The University of New Mexico has launched the nation’s only research center targeting fetal alcohol syndrome disorder, with support from an $8.1 million federal grant, the center’s director said.

Work at the New Mexico Alcohol Research Center will focus on finding better and earlier ways to diagnose and treat the disorder, which affects at least 2 percent of children born in the U.S., said Daniel Savage, chairman of UNM’s department of neurosciences.

The five-year grant from the National Institutes of Health also will help UNM researchers seek a better understanding of how alcohol damages the developing brain, said Savage, who directs the center.

“Kids who are affected by this, their potential is capped early on in terms of what they will be able to accomplish,” Savage said of fetal alcohol syndrome disorder, or FASD.

Too often, children aren’t diagnosed with the disorder until they are well into their teen years, or even early adulthood, he said.

FASD “is not easily recognized and there needs to be a greater appreciation of the challenges,” he said.

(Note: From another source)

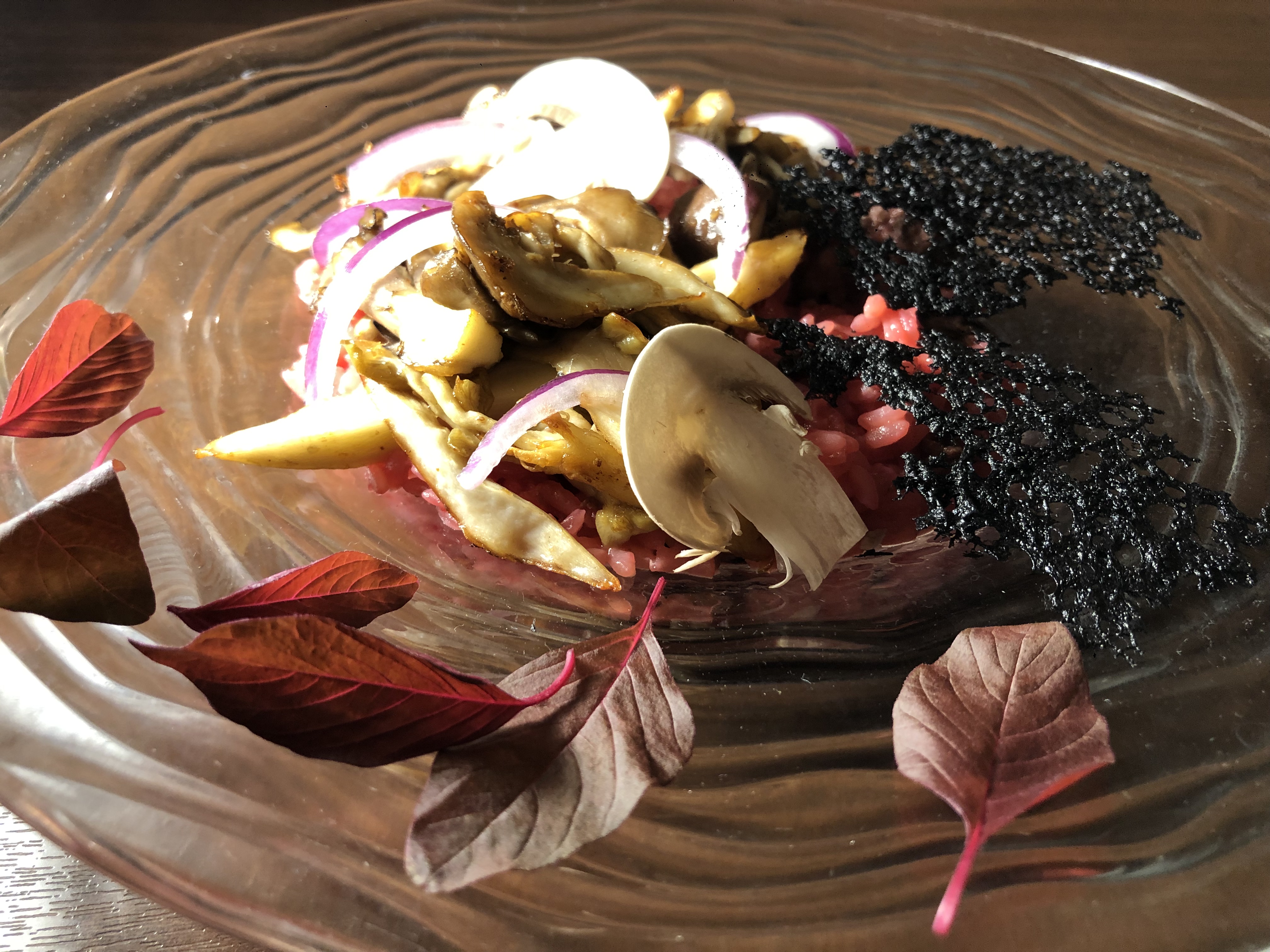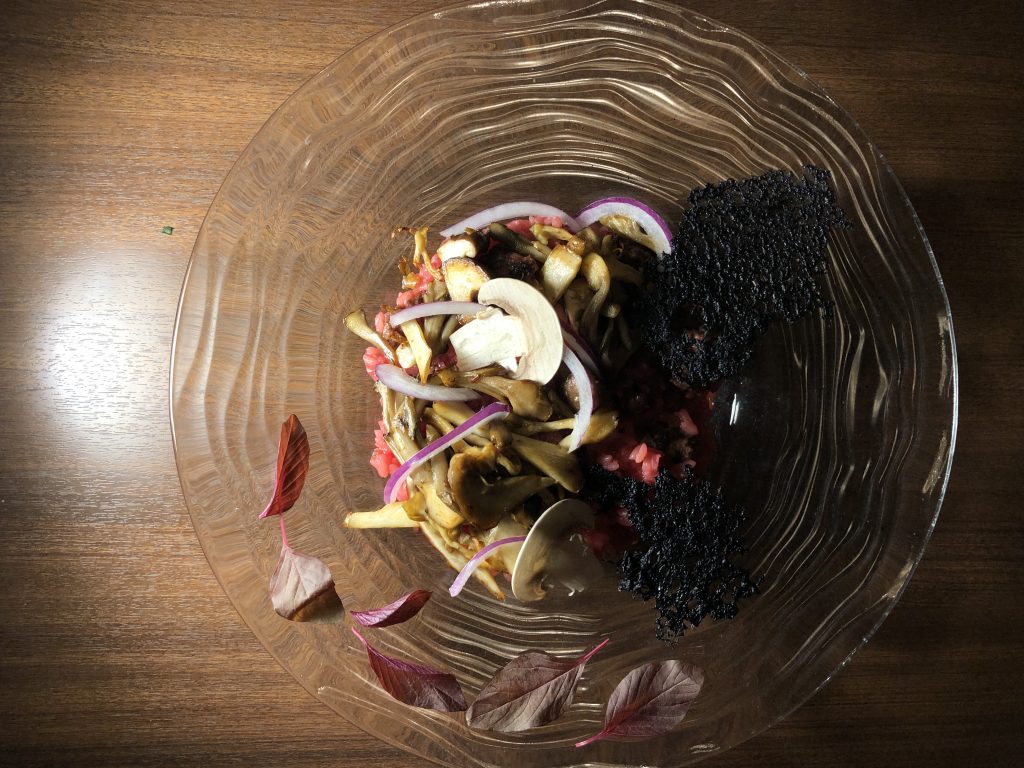 『6種きのこの焦がしバターソテー、蝦夷鹿のひき肉とビーツのリゾット』

The UNM center is one of 18 NIH-funded alcohol research centers, but the only one devoted to FASD.

The center was officially formed Aug. 5 when UNM received notice of the grant award, he said.

FASD is a group of conditions caused by a woman drinking alcohol during pregnancy, according to the Centers for Disease Control and Prevention.

Symptoms can range from mild to severe learning and behavioral problems, and can cause altered physical and facial features. Research has shown that drinking alcohol during pregnancy can cause lifelong problems for the child with memory, attention, language and thinking skills, causing failure in school, poor job performance and even criminal behavior.

UNM was selected for the center because the university has formed a group of scientists and clinicians focused on FASD, Savage said.